Although wide diameter implants are well documented, little is known about ultra‐wide diameter implants (>6 mm). A study evaluated the clinical outcome of ultra‐wide diameter implants placed in molar extraction sockets.
Ultra‐wide diameter implants (7 to 9 mm) were placed immediately after molar extraction in a 1‐stage protocol, without raising a flap or using any bone grafts. After 4 months, each implant was loaded with a single screw‐retained crown.
Bone loss was evaluated using peri‐apical radiographs, plaque and bleeding were recorded, and crown and papilla dimensions were measured and compared with the contra‐lateral tooth.

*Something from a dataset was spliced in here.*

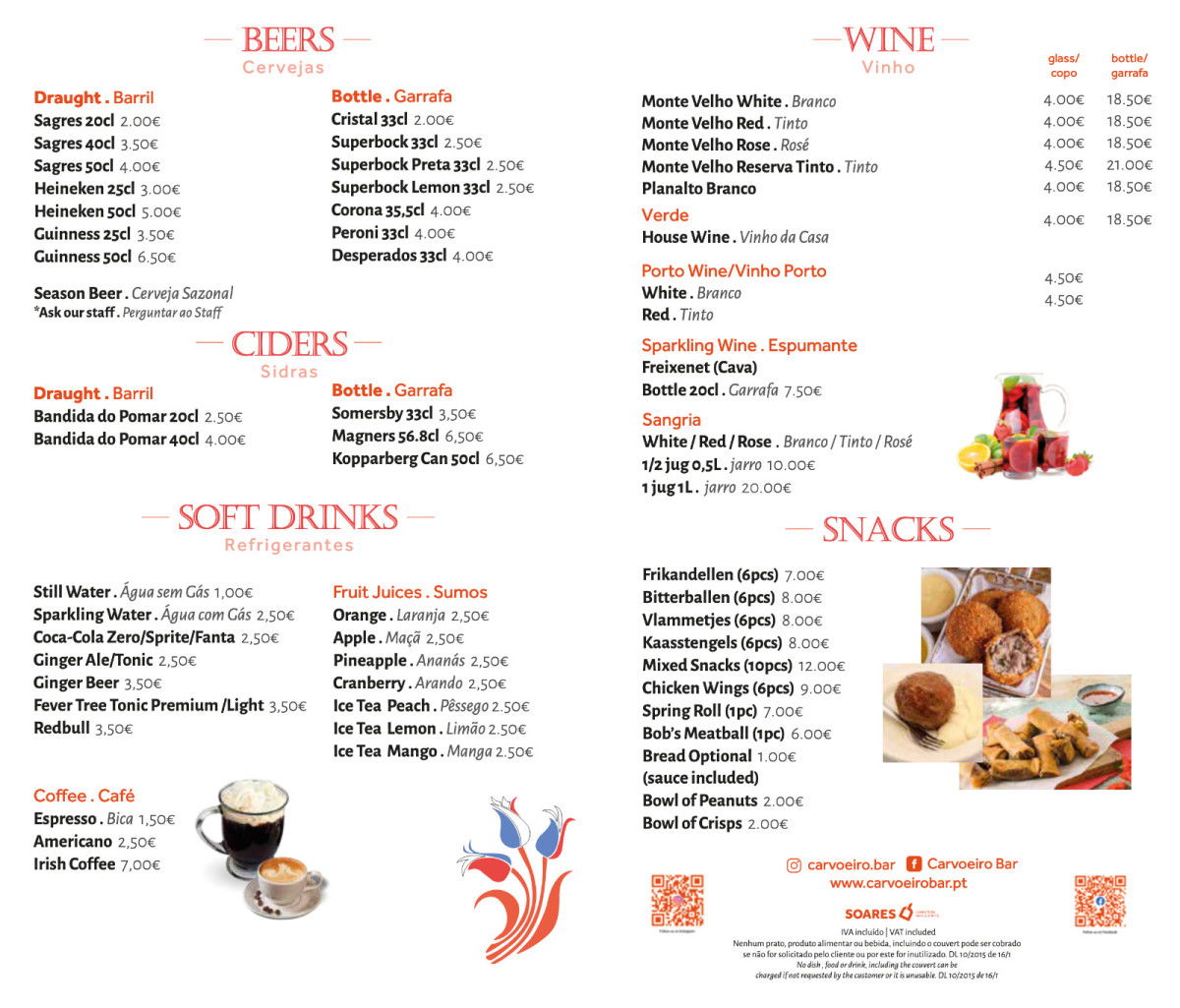 A good pub experience isn't complete without some delicious snacks, and at Carvoeiro Bar, you're in luck. The Dutch snacks are well-represented here, with classics like Dutch bitterballen (6 pieces for 8 euros) served with mustard. If you're in the mood for something else, there are also cheese sticks (6 pieces for 8 euros), spring rolls for 7 euros, and even peanuts for 2 euros. Everything you need to satisfy your hunger while enjoying a drink. 🍺

Fifty‐one patients (36 male and 15 female), with a mean age of 61 years, were treated with 26 implants in the maxilla and 25 implants in the mandible. Most had a thick (#19) or medium (#31) biotype.
After a mean follow‐up period of 23 months, the mean bone level was located 1.16 mm apical of the implant‐abutment junction (SD 0.42, range 0.00 to 2.45) while the actual bone remodeling associated with socket healing resulted in a mean coronal movement of the bone level of 0.15 mm.

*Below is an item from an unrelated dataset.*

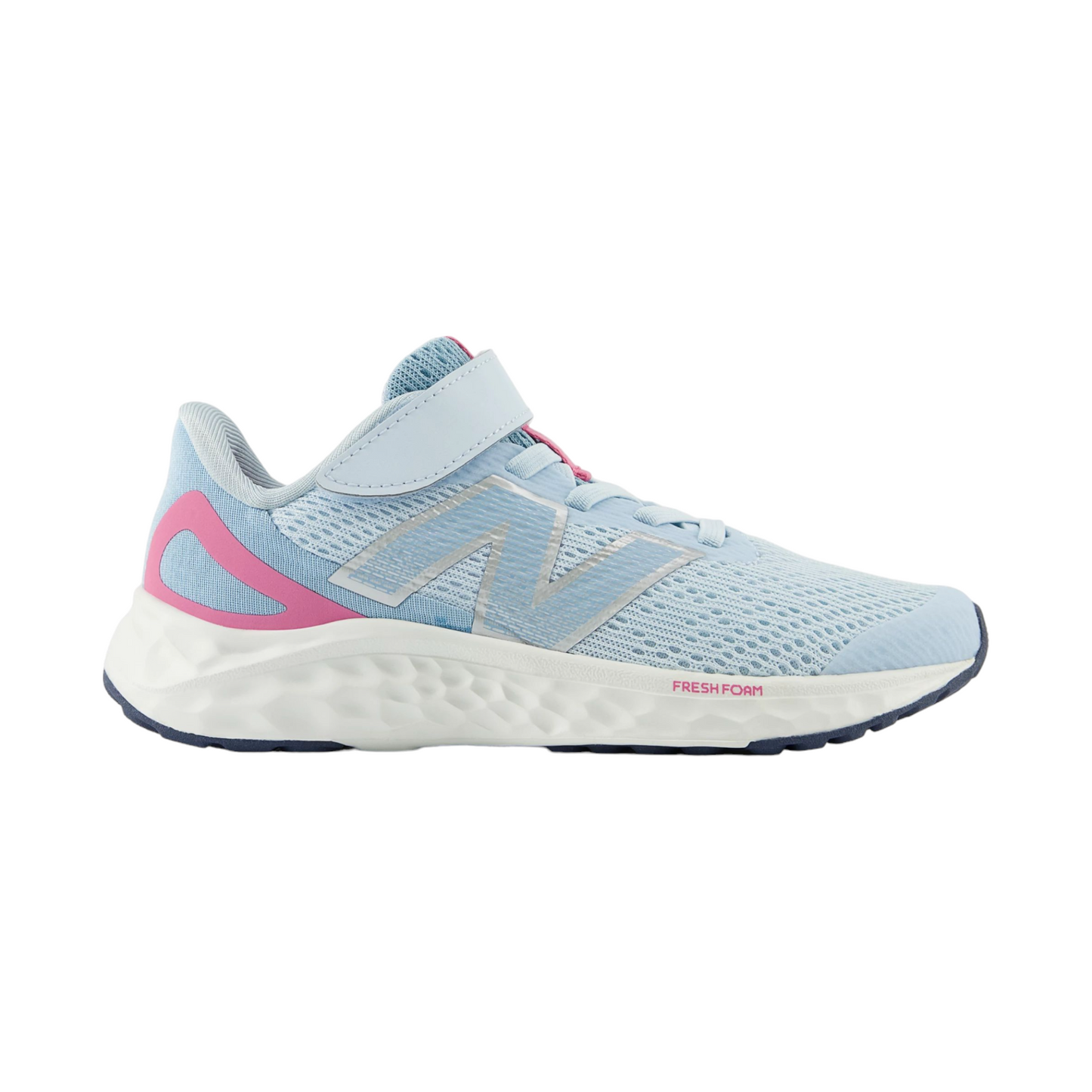 The New Balance Fresh Foam Arishi v4 Bungee Lace is a versatile athletic shoe kids can wear anywhere. Featuring a soft Fresh Foam cushioned midsole and rubber outsole pods, this sporty kids’ running shoe blends next-level style with all-day comfort and performance. The synthetic and mesh upper delivers lightweight support and the alternative closure allows for quick and easy changes.

The mean insertion torque was 116 Ncm (SD 53, range 10 to 250). There were no differences in papilla height (P = .55), crown length (P = .32), zenith (P = .84), or bucco‐palatal dimensions (P = .38). There was a significant difference in the mesio‐distal dimension (P = .01).
Mean probing depth was 2.59 mm at the implant and 2.23 mm at the contra‐lateral tooth (P = .001). There was significantly more plaque at the tooth compared to the implant (P = .01), but there was no significant difference in terms of bleeding on probing (P = .08). Patient satisfaction was high with 72.5% of the patients experiencing no problems at all.
The study concluded that ultra‐wide diameter implants have a predictable outcome, demonstrating very little bone loss. Papilla and crown dimensions were comparable to the contra‐lateral natural tooth. (Source: Clinical Implant Dentistry and Related Research, Sept. 25, 2018)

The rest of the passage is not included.